> **RECORDED INFORMATION**:
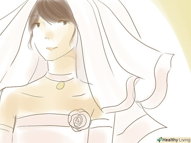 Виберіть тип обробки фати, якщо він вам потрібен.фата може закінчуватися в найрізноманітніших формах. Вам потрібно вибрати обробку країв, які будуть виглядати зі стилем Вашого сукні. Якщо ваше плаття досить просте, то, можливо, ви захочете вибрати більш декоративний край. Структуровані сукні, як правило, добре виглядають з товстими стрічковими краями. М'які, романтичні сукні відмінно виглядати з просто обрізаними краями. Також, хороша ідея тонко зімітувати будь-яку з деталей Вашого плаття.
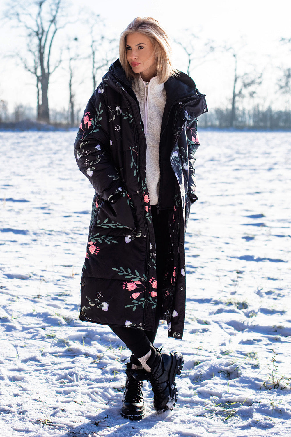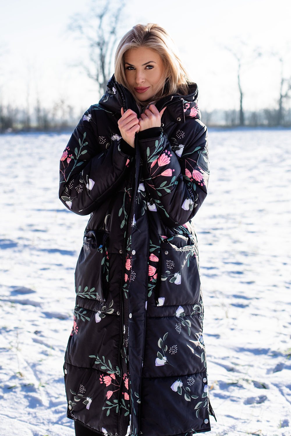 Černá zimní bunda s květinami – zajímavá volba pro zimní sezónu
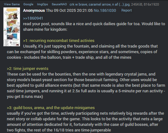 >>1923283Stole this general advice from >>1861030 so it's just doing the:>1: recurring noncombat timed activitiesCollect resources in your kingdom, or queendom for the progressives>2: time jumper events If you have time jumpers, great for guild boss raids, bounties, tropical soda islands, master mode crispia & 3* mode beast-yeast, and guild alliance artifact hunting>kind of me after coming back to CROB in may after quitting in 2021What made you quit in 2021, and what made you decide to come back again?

> **WHAT TO WORK ON**:
Would you reproduce the lines above, from the very first through the line containing "Černá zimní bunda", exactly and without the pictures?

> **PROBLEM SOLUTION**:
 Виберіть тип обробки фати, якщо він вам потрібен.фата може закінчуватися в найрізноманітніших формах. Вам потрібно вибрати обробку країв, які будуть виглядати зі стилем Вашого сукні. Якщо ваше плаття досить просте, то, можливо, ви захочете вибрати більш декоративний край. Структуровані сукні, як правило, добре виглядають з товстими стрічковими краями. М'які, романтичні сукні відмінно виглядати з просто обрізаними краями. Також, хороша ідея тонко зімітувати будь-яку з деталей Вашого плаття.
 Černá zimní bunda s květinami – zajímavá volba pro zimní sezónu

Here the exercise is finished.